Hi Everyone,
I really hope you can help me with a matter I am struggling for quite some time.
Istio Version
client version: 1.14.1
control plane version: 1.14.1
data plane version: 1.14.1 (130 proxies)
Kubectl Version
Client Version: version.Info{Major:"1", Minor:"25", GitVersion:"v1.25.4", GitCommit:"872a965c6c6526caa949f0c6ac028ef7aff3fb78", GitTreeState:"clean", BuildDate:"2022-11-09T13:36:36Z", GoVersion:"go1.19.3", Compiler:"gc", Platform:"linux/amd64"}
Kustomize Version: v4.5.7
Server Version: version.Info{Major:"1", Minor:"23", GitVersion:"v1.23.17+rke2r1", GitCommit:"953be8927218ec8067e1af2641e540238ffd7576", GitTreeState:"clean", BuildDate:"2023-02-28T21:40:04Z", GoVersion:"go1.19.6 X:boringcrypto", Compiler:"gc", Platform:"linux/amd64"}
I have Istio and inject sidecar containers throughout my namespace.

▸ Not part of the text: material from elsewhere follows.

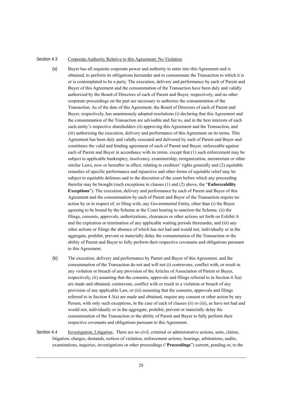 06 Section 4.3 =ehfehWj[ ;kj^eh_jo L[bWj_l[ je j^_i ;]h[[c[dj9 He P_ebWj_ed, (a) <ko[h ^Wi Wbb h[gk_i_j[ YehfehWj[ fem[h WdZ Wkj^eh_jo je [dj[h _dje j^_i ;]h[[c[dj WdZ _i eXjW_d[Z* je f[h\ehc _ji eXb_]Wj_edi ^[h[kdZ[h WdZ je YedikccWj[ j^[ NhWdiWYj_ed je m^_Y^ _j _i eh _i Yedj[cfbWj[Z je X[ W fWhjo, N^[ [n[Ykj_ed* Z[b_l[ho WdZ f[h\ehcWdY[ Xo [WY^ e\ JWh[dj WdZ <ko[h e\ j^_i ;]h[[c[dj WdZ j^[ YedikccWj_ed e\ j^[ NhWdiWYj_ed ^Wl[ X[[d Zkbo WdZ lWb_Zbo Wkj^eh_p[Z Xo j^[ <eWhZ e\ >_h[Yjehi e\ [WY^ e\ JWh[dj WdZ <ko[h* h[if[Yj_l[bo* WdZ de ej^[h YehfehWj[ fheY[[Z_d]i ed j^[ fWhj Wh[ d[Y[iiWho je Wkj^eh_p[ j^[ YedikccWj_ed e\ j^[ NhWdiWYj_ed, ;i e\ j^[ ZWj[ e\ j^_i ;]h[[c[dj* j^[ <eWhZ e\ >_h[Yjehi e\ [WY^ e\ JWh[dj WdZ <ko[h* h[if[Yj_l[bo* ^Wi kdWd_cekibo WZefj[Z h[iebkj_edi (_) Z[YbWh_d] j^Wj j^_i ;]h[[c[dj WdZ j^[ YedikccWj_ed e\ j^[ NhWdiWYj_ed Wh[ WZl_iWXb[ WdZ \W_h je* WdZ _d j^[ X[ij _dj[h[iji e\ [WY^ ikY^ [dj_joui h[if[Yj_l[ i^Wh[^ebZ[hi (__) Wffhel_d] j^_i ;]h[[c[dj WdZ j^[ NhWdiWYj_ed* WdZ (___) Wkj^eh_p_d] j^[ [n[Ykj_ed* Z[b_l[ho WdZ f[h\ehcWdY[ e\ j^_i ;]h[[c[dj ed _ji j[hci, N^_i ;]h[[c[dj ^Wi X[[d Zkbo WdZ lWb_Zbo [n[Ykj[Z WdZ Z[b_l[h[Z Xo [WY^ e\ JWh[dj WdZ <ko[h WdZ Yedij_jkj[i j^[ lWb_Z WdZ X_dZ_d] W]h[[c[dj e\ [WY^ e\ JWh[dj WdZ <ko[h* [d\ehY[WXb[ W]W_dij [WY^ e\ JWh[dj WdZ <ko[h _d WYYehZWdY[ m_j^ _ji j[hci* [nY[fj j^Wj (/) ikY^ [d\ehY[c[dj cWo X[ ikX`[Yj je Wffb_YWXb[ XWdahkfjYo* _diebl[dYo* [nWc_d[hi^_f* h[eh]Wd_pWj_ed* cehWjeh_kc eh ej^[h i_c_bWh FWmi* dem eh ^[h[W\j[h _d [\\[Yj* h[bWj_d] je Yh[Z_jehiu h_]^ji ][d[hWbbo WdZ (0) [gk_jWXb[ h[c[Z_[i e\ if[Y_\_Y f[h\ehcWdY[ WdZ _d`kdYj_l[ WdZ ej^[h \ehci e\ [gk_jWXb[ h[b_[\ cWo X[ ikX`[Yj je [gk_jWXb[ Z[\[di[i WdZ je j^[ Z_iYh[j_ed e\ j^[ Yekhj X[\eh[ m^_Y^ Wdo fheY[[Z_d] j^[h[\eh cWo X[ Xhek]^j (ikY^ [nY[fj_edi _d YbWki[i (/) WdZ (0) WXel[* j^[ rEnforceability Exceptionss), N^[ [n[Ykj_ed* Z[b_l[ho WdZ f[h\ehcWdY[ Xo [WY^ e\ JWh[dj WdZ <ko[h e\ j^_i ;]h[[c[dj WdZ j^[ YedikccWj_ed Xo [WY^ e\ JWh[dj WdZ <ko[h e\ j^[ NhWdiWYj_ed h[gk_h[ de WYj_ed Xo eh _d h[if[Yj e\* eh \_b_d] m_j^* Wdo Ael[hdc[djWb ?dj_jo* ej^[h j^Wd (_) j^[ <ko[h W]h[[_d] je X[ XekdZ Xo j^[ MY^[c[ Wj j^[ =ekhj ^[Wh_d] je iWdYj_ed j^[ MY^[c[* (__) j^[ \_b_d]i* Yedi[dji* WffhelWbi* Wkj^eh_pWj_edi* Yb[WhWdY[i eh ej^[h WYj_edi i[j \ehj^ ed ?n^_X_j ; WdZ j^[ [nf_hWj_ed eh j[hc_dWj_ed e\ Wdo Wffb_YWXb[ mW_j_d] f[h_eZi j^[h[kdZ[h* WdZ (___) Wdo ej^[h WYj_edi eh \_b_d]i j^[ WXi[dY[ e\ m^_Y^ ^Wi dej ^WZ WdZ mekbZ dej* _dZ_l_ZkWbbo eh _d j^[ W]]h[]Wj[* fhe^_X_j* fh[l[dj eh cWj[h_Wbbo Z[bWo j^[ YedikccWj_ed e\ j^[ NhWdiWYj_ed eh j^[ WX_b_jo e\ JWh[dj WdZ <ko[h je \kbbo f[h\ehc j^[_h h[if[Yj_l[ Yel[dWdji WdZ eXb_]Wj_edi fkhikWdj je j^_i ;]h[[c[dj, (b) N^[ [n[Ykj_ed* Z[b_l[ho WdZ f[h\ehcWdY[ Xo JWh[dj WdZ <ko[h e\ j^_i ;]h[[c[dj* WdZ j^[ YedikccWj_ed e\ j^[ NhWdiWYj_ed Ze dej WdZ m_bb dej (_) YedjhWl[d[* Yed\b_Yj m_j^* eh h[ikbj _d Wdo l_ebWj_ed eh Xh[WY^ e\ Wdo fhel_i_ed e\ j^[ ;hj_Yb[i e\ ;iieY_Wj_ed e\ JWh[dj eh <ko[h* h[if[Yj_l[bo* (__) Wiikc_d] j^Wj j^[ Yedi[dji* WffhelWbi WdZ \_b_d]i h[\[hh[Z je _d M[Yj_ed 2,1(W) Wh[ cWZ[ WdZ eXjW_d[Z* YedjhWl[d[* Yed\b_Yj m_j^ eh h[ikbj _d W l_ebWj_ed eh Xh[WY^ e\ Wdo fhel_i_ed e\ Wdo Wffb_YWXb[ FWm* eh (___) Wiikc_d] j^Wj j^[ Yedi[dji* WffhelWbi WdZ \_b_d]i h[\[hh[Z je _d M[Yj_ed 2,1(W) Wh[ cWZ[ WdZ eXjW_d[Z* h[gk_h[ Wdo Yedi[dj eh ej^[h WYj_ed Xo Wdo J[hied* m_j^ edbo ikY^ [nY[fj_edi* _d j^[ YWi[ e\ [WY^ e\ YbWki[i (__) eh (___)* Wi ^Wl[ dej ^WZ WdZ mekbZ dej* _dZ_l_ZkWbbo eh _d j^[ W]]h[]Wj[* fhe^_X_j* fh[l[dj eh cWj[h_Wbbo Z[bWo j^[ YedikccWj_ed e\ j^[ NhWdiWYj_ed eh j^[ WX_b_jo e\ JWh[dj WdZ <ko[h je \kbbo f[h\ehc j^[_h h[if[Yj_l[ Yel[dWdji WdZ eXb_]Wj_edi fkhikWdj je j^_i ;]h[[c[dj, Section 4.4 Cdl[ij_]Wj_ed9 F_j_]Wj_ed, N^[h[ Wh[ de Y_l_b* Yh_c_dWb eh WZc_d_ijhWj_l[ WYj_edi* ik_ji* YbW_ci* b_j_]Wj_ed* Y^Wh][i* Z[cWdZi* dej_Y[i e\ l_ebWj_ed* [d\ehY[c[dj WYj_edi* ^[Wh_d]i* WhX_jhWj_edi* WkZ_ji* [nWc_dWj_edi* _dgk_h_[i* _dl[ij_]Wj_edi eh ej^[h fheY[[Z_d]i (rProceedingss) Ykhh[dj* f[dZ_d] eh* je j^[

There are various components which work out of the box using mTLS connection.
Istio is installed either by official helm-chart repo, IstioOperator with istioctl or taken from Kubeflow helm-chart in Github.
Everything works when it comes to few core components that are doing checks via initContainer over HTTP to a Kubernetes service and once they are completed the system starts.
initContainer
- command:
- sh
- -c
- until curl -X GET "elasticsearch:9200/_cluster/health?wait_for_status=yellow&timeout=50s&pretty";
do echo waiting for elasticsearch; sleep 2; done
When I enforce strict policy authentication everything collapses. I am getting hit by connection failures. The below snippet is an example for that.
curl: (56) Recv failure: Connection reset by peer waiting for elasticsearch
I can also see similar behavior for Database instances.
"- - -" 0 NR filter_chain_not_found - "-" 0 0 0 - "-" "-" "-" "-" "-" - -
As far as I read Istio’s doc the above issue is related to missing Destination Rule.
The same goes for the Jobs which are trying to install something on a Pod.
command: [sh, -c, sleep 10, "curl -XPUT -H 'Content-Type: application/json' -T /mnt/license/license.bin 'http://elasticsearch:9200/_siren/license'"]
The license just doesn’t apply on the pod and thus Elasticsearch is failing.
Another example if I try to do a curl to Kubernetes service from istio-proxy on any pod
istio-proxy@index-upload-ab6055a0aa6c3477b41a-np8k9:/$ curl -v -k http://index-es-http:9200
* Trying 10.43.121.43:9200...
* TCP_NODELAY set
* Connected to index-es-http (10.43.121.43) port 9200 (#0)
> GET / HTTP/1.1
> Host: index-es-http:9200
> User-Agent: curl/7.68.0
> Accept: */*
>
* Recv failure: Connection reset by peer
* Closing connection 0
curl: (56) Recv failure: Connection reset by peer
istio-proxy@index-es-mdi-0:/$ curl http://k8s-service:9091
curl: (56) Recv failure: Connection reset by peer
I have also decided to use cert-manager for CA. That didn’t solve the matter either.
Here are my PeerAuthentication policy, Destination Rule and Authorization Policy all placed within istio-system namespace
apiVersion: networking.istio.io/v1beta1
kind: DestinationRule
metadata:
name: mtls
namespace: istio-system
spec:
host: '*.cluster.local'
trafficPolicy:
tls:
mode: ISTIO_MUTUAL
apiVersion: security.istio.io/v1beta1
kind: PeerAuthentication
metadata:
name: mtls-policy
namespace: istio-system
spec:
mtls:
mode: STRICT
apiVersion: security.istio.io/v1beta1
kind: AuthorizationPolicy
metadata:
name: allow-all
namespace: istio-system
spec:
rules:
- {}
I have also tried creating Gateways to server everything on port 80, tried cluster-local-gateway as a component.
What am I missing here? Should every service that is failing has it’s own VirtualService? But than again why I cannot run a curl to ANY of the pods inside the mesh when STRICT policy is enabled?
The strict policy is also affecting my internal ingress controllers. They cannot server calls. I am either getting a 502 bad gateway or nothing at all.
Since I am kind of new to this one, I am sure that the information might be insufficient, so hit me with whatever necessary.